• [What is required]:
From the first line to the last, retype the records exactly and skip the pictures.
↓
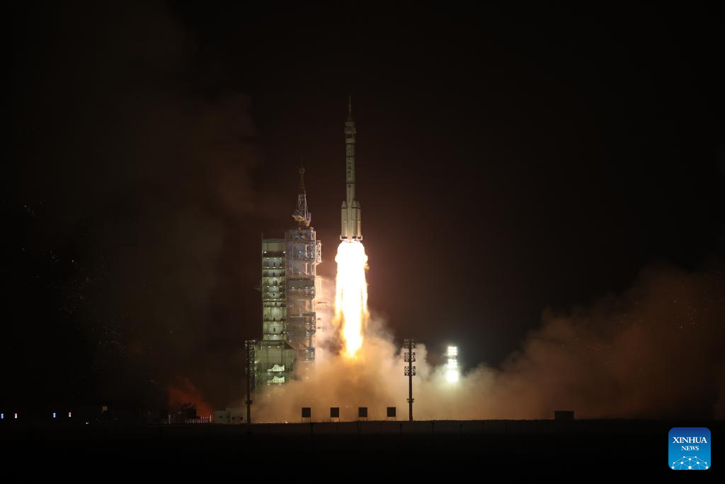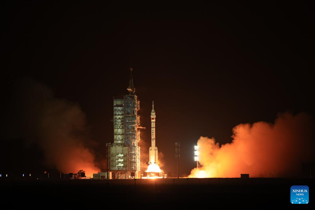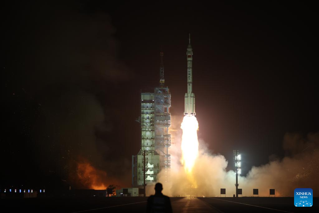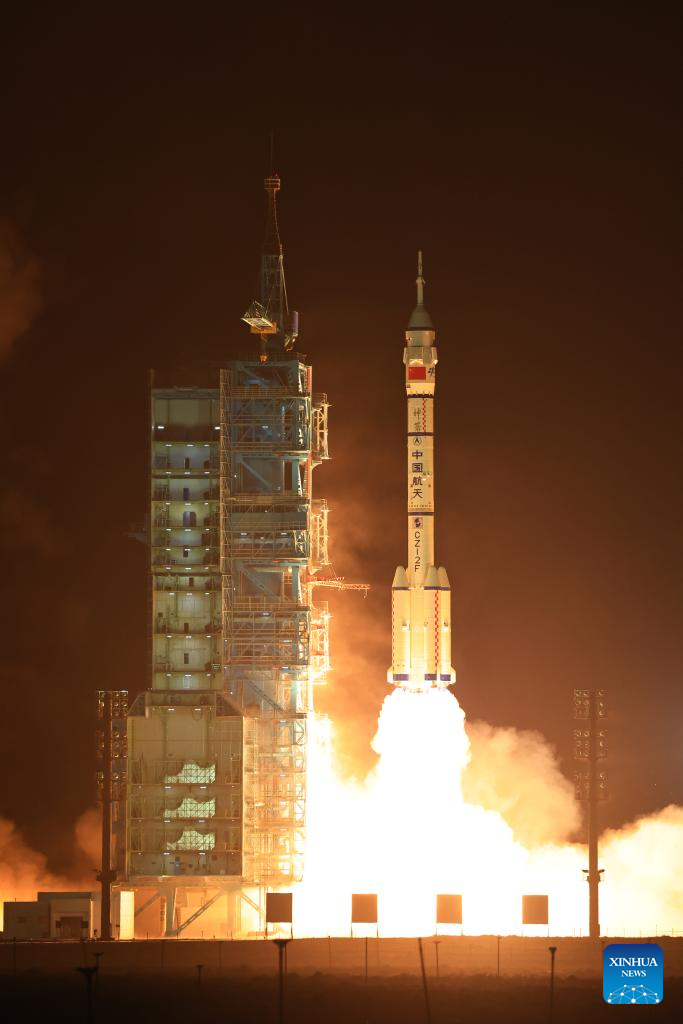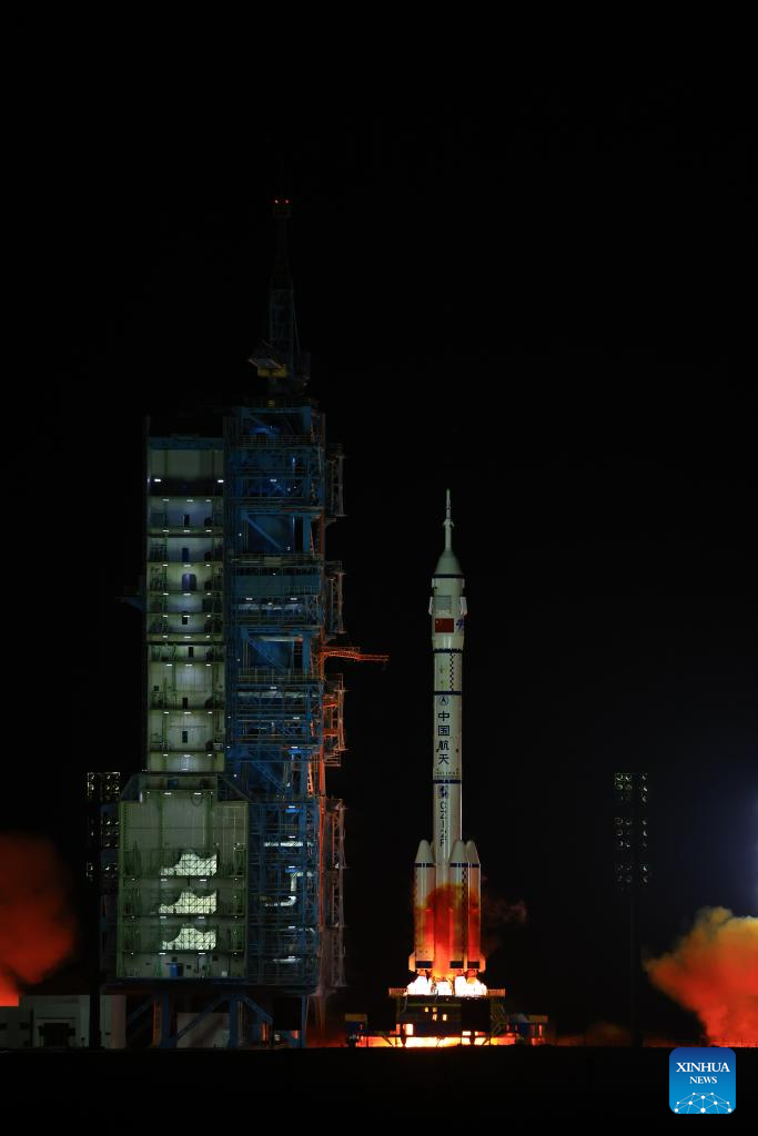 The Shenzhou-18 manned spaceship, atop a Long March-2F carrier rocket, is launched from the Jiuquan Satellite Launch Center in northwest China, April 25, 2024. (Xinhua/Jin Liwang)
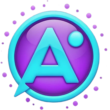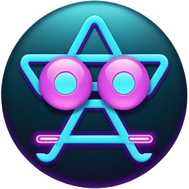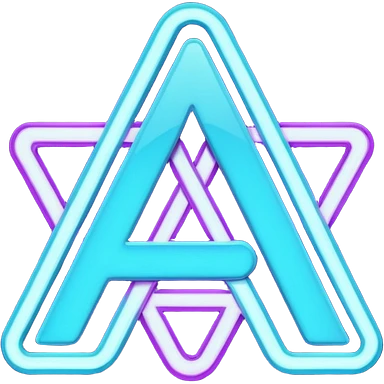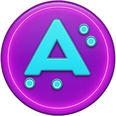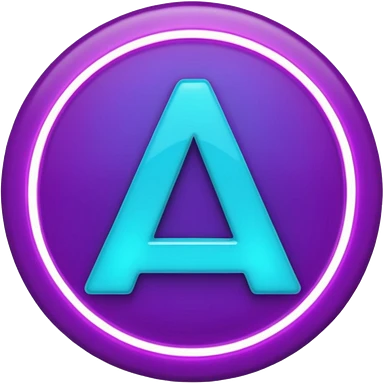 futuristic minimalistic emoji icon, letters "A" formed by three glowing digital lines representing Storm, Atom and NoizeGames, neon purple (#8B5CF6) and cyan (#00E0FF) on dark background, modern tech style, 1:1 aspect ratio emoji
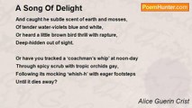Under the wintry skies, <br />Sundered from home and kin, <br />With patience and love in her eyes, <br />Mary is journeying. <br />The angels keep watch and ward, <br />And Joseph is there to guard, <br />But – ‘there is no room at the inn.” <br /> <br />No room in the inns of Life, <br />No place for Christ the King, <br />Through the Heavens with joy are rife, <br />Where worshipping angels sing, <br />In palace, and street and mart, <br />In the worlds great pagan heart <br />There is no welcoming. <br /> <br />But in far cathedrals dim, <br />Where Christmas lilies bloom <br />‘Mid incense and holy hymn, <br />And tapers lighting the gloom, <br />Where the Christmas crib is laid, <br />And children come, unafraid <br />His own are finding Him room. <br /> <br />Here the humble ones of the earth, <br />The poor, and the sorely tried <br />Are waiting the dear Lord’s birth, <br />And their arms are open wide, <br />And Mary will find them grace <br />Who makes for Her child a place <br />In their hearts, this Christmas-tide.<br /><br />Alice Guerin Crist<br /><br />http://www.poemhunter.com/poem/christmas-welcome/
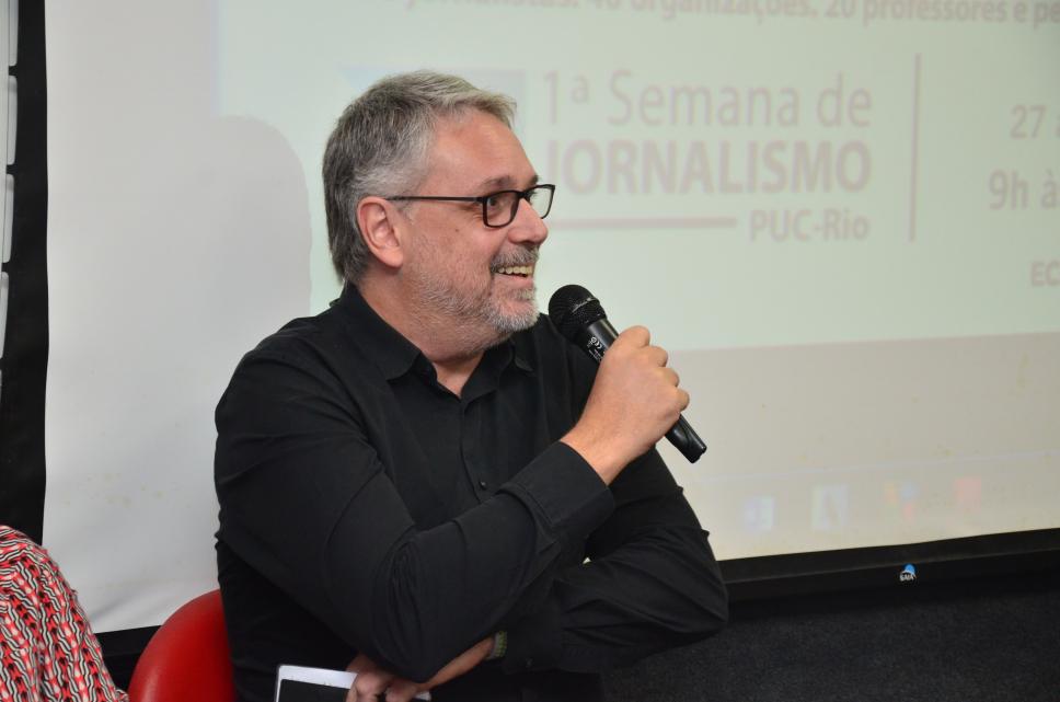 José Roberto de Toledo, Editor na revista piauí, apresentador do podcast Foro de Teresina e ex-presidente da Abraji, na primeira palestra sobre os desafios do jornalismo brasileiro da 1º Semana de Jornalismo.
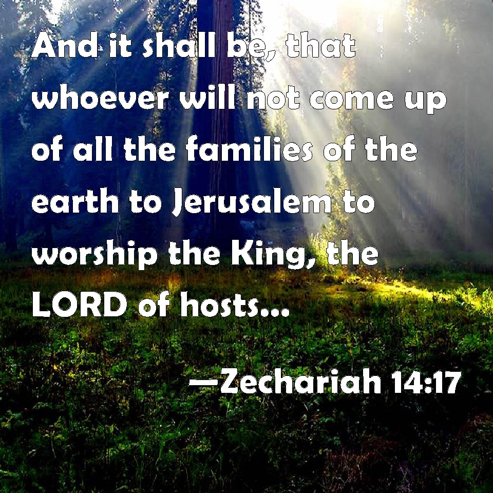 Choose a Background Zechariah 14:17 And it shall be, that whoever will not come up of all the families of the earth to Jerusalem to worship the King, the LORD of hosts, even on them shall be no rain. KJV: And it shall be, that whoso will not come up of all the families of the earth unto Jerusalem to worship the King, the LORD of hosts, even upon them shall be no rain. DRB: And it shall come to pass, that he that shall not go up of the families of the land to Jerusalem, to adore the King, the Lord of hosts, there shall be no rain upon them. DBT: And it shall be, that whoso goeth not up of the families of the earth unto Jerusalem to worship the King, Jehovah of hosts, upon them shall be no rain. ERV: And it shall be, that whoso of all the families of the earth goeth not up unto Jerusalem to worship the King, the LORD of hosts, upon them there shall be no rain. WBT: And it shall be, that whoever will not come up of all the families of the earth to Jerusalem to worship the King, the LORD of hosts, even upon them shall be no rain. WEB: It will be, that whoever of all the families of the earth doesn't go up to Jerusalem to worship the King, Yahweh of Armies, on them there will be no rain. YLT: And it hath come to pass, That he who doth not go up of the families of the land unto Jerusalem, To bow himself to the King, Jehovah of Hosts, Even on them there is no shower.Links Zechariah 14:17 NIV • Zechariah 14:17 NLT • Zechariah 14:17 ESV • Zechariah 14:17 NASB • Zechariah 14:17 KJV • Zechariah 14:17 Interlinear • Zechariah 14:17 Commentaries • Zechariah 14:17 Parallel Texts • Zechariah 14:17 Bible Apps • Zechariah 14:17 Parallel • Bible Hub |
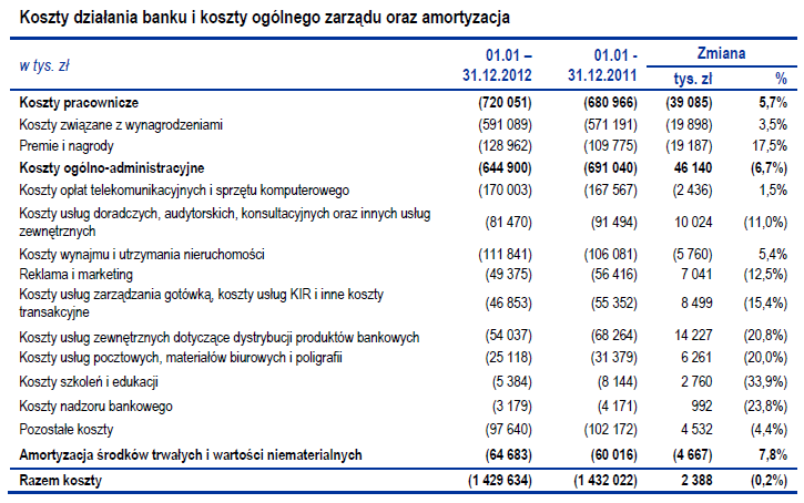 niższych kosztów usług zewnętrznych dotyczących dystrybucji produktów bankowych, niższych kosztów doradczych oraz mniejszych nakładów na reklamę i marketing. Jednocześnie należy zwrócić uwagę, iż w I kwartale 2012 roku, w ciężar kosztów utworzona została rezerwa restrukturyzacyjna w wysokości 42,2 mln zł (z czego 32,4 mln zł ujęte było w linii kosztów pracowniczych, natomiast 9,8 mln zł w linii kosztów wynajmu i utrzymania nieruchomości);
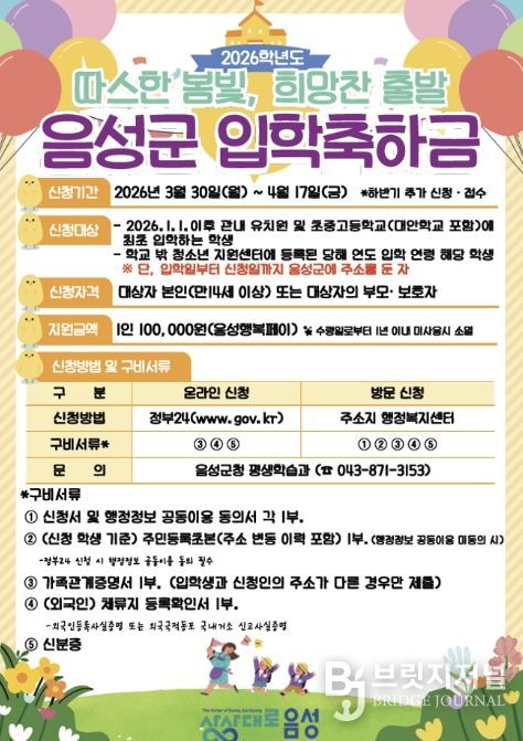 브릿지저널 김경미 기자 | 음성군은 올해 2026학년도 입학을 맞아 관내 유치원과 초·중·고등학교 입학생, 그리고 학교 밖 청소년지원센터에 등록된 입학 연령에 해당되는 청소년을 대상으로 입학축하금을 지원한다고 밝혔다.
↑
• [Result]:
 The Shenzhou-18 manned spaceship, atop a Long March-2F carrier rocket, is launched from the Jiuquan Satellite Launch Center in northwest China, April 25, 2024. (Xinhua/Jin Liwang)
 futuristic minimalistic emoji icon, letters "A" formed by three glowing digital lines representing Storm, Atom and NoizeGames, neon purple (#8B5CF6) and cyan (#00E0FF) on dark background, modern tech style, 1:1 aspect ratio emoji
Under the wintry skies, <br />Sundered from home and kin, <br />With patience and love in her eyes, <br />Mary is journeying. <br />The angels keep watch and ward, <br />And Joseph is there to guard, <br />But – ‘there is no room at the inn.” <br /> <br />No room in the inns of Life, <br />No place for Christ the King, <br />Through the Heavens with joy are rife, <br />Where worshipping angels sing, <br />In palace, and street and mart, <br />In the worlds great pagan heart <br />There is no welcoming. <br /> <br />But in far cathedrals dim, <br />Where Christmas lilies bloom <br />‘Mid incense and holy hymn, <br />And tapers lighting the gloom, <br />Where the Christmas crib is laid, <br />And children come, unafraid <br />His own are finding Him room. <br /> <br />Here the humble ones of the earth, <br />The poor, and the sorely tried <br />Are waiting the dear Lord’s birth, <br />And their arms are open wide, <br />And Mary will find them grace <br />Who makes for Her child a place <br />In their hearts, this Christmas-tide.<br /><br />Alice Guerin Crist<br /><br />http://www.poemhunter.com/poem/christmas-welcome/
 José Roberto de Toledo, Editor na revista piauí, apresentador do podcast Foro de Teresina e ex-presidente da Abraji, na primeira palestra sobre os desafios do jornalismo brasileiro da 1º Semana de Jornalismo.
 Choose a Background Zechariah 14:17 And it shall be, that whoever will not come up of all the families of the earth to Jerusalem to worship the King, the LORD of hosts, even on them shall be no rain. KJV: And it shall be, that whoso will not come up of all the families of the earth unto Jerusalem to worship the King, the LORD of hosts, even upon them shall be no rain. DRB: And it shall come to pass, that he that shall not go up of the families of the land to Jerusalem, to adore the King, the Lord of hosts, there shall be no rain upon them. DBT: And it shall be, that whoso goeth not up of the families of the earth unto Jerusalem to worship the King, Jehovah of hosts, upon them shall be no rain. ERV: And it shall be, that whoso of all the families of the earth goeth not up unto Jerusalem to worship the King, the LORD of hosts, upon them there shall be no rain. WBT: And it shall be, that whoever will not come up of all the families of the earth to Jerusalem to worship the King, the LORD of hosts, even upon them shall be no rain. WEB: It will be, that whoever of all the families of the earth doesn't go up to Jerusalem to worship the King, Yahweh of Armies, on them there will be no rain. YLT: And it hath come to pass, That he who doth not go up of the families of the land unto Jerusalem, To bow himself to the King, Jehovah of Hosts, Even on them there is no shower.Links Zechariah 14:17 NIV • Zechariah 14:17 NLT • Zechariah 14:17 ESV • Zechariah 14:17 NASB • Zechariah 14:17 KJV • Zechariah 14:17 Interlinear • Zechariah 14:17 Commentaries • Zechariah 14:17 Parallel Texts • Zechariah 14:17 Bible Apps • Zechariah 14:17 Parallel • Bible Hub |
 niższych kosztów usług zewnętrznych dotyczących dystrybucji produktów bankowych, niższych kosztów doradczych oraz mniejszych nakładów na reklamę i marketing. Jednocześnie należy zwrócić uwagę, iż w I kwartale 2012 roku, w ciężar kosztów utworzona została rezerwa restrukturyzacyjna w wysokości 42,2 mln zł (z czego 32,4 mln zł ujęte było w linii kosztów pracowniczych, natomiast 9,8 mln zł w linii kosztów wynajmu i utrzymania nieruchomości);
 브릿지저널 김경미 기자 | 음성군은 올해 2026학년도 입학을 맞아 관내 유치원과 초·중·고등학교 입학생, 그리고 학교 밖 청소년지원센터에 등록된 입학 연령에 해당되는 청소년을 대상으로 입학축하금을 지원한다고 밝혔다.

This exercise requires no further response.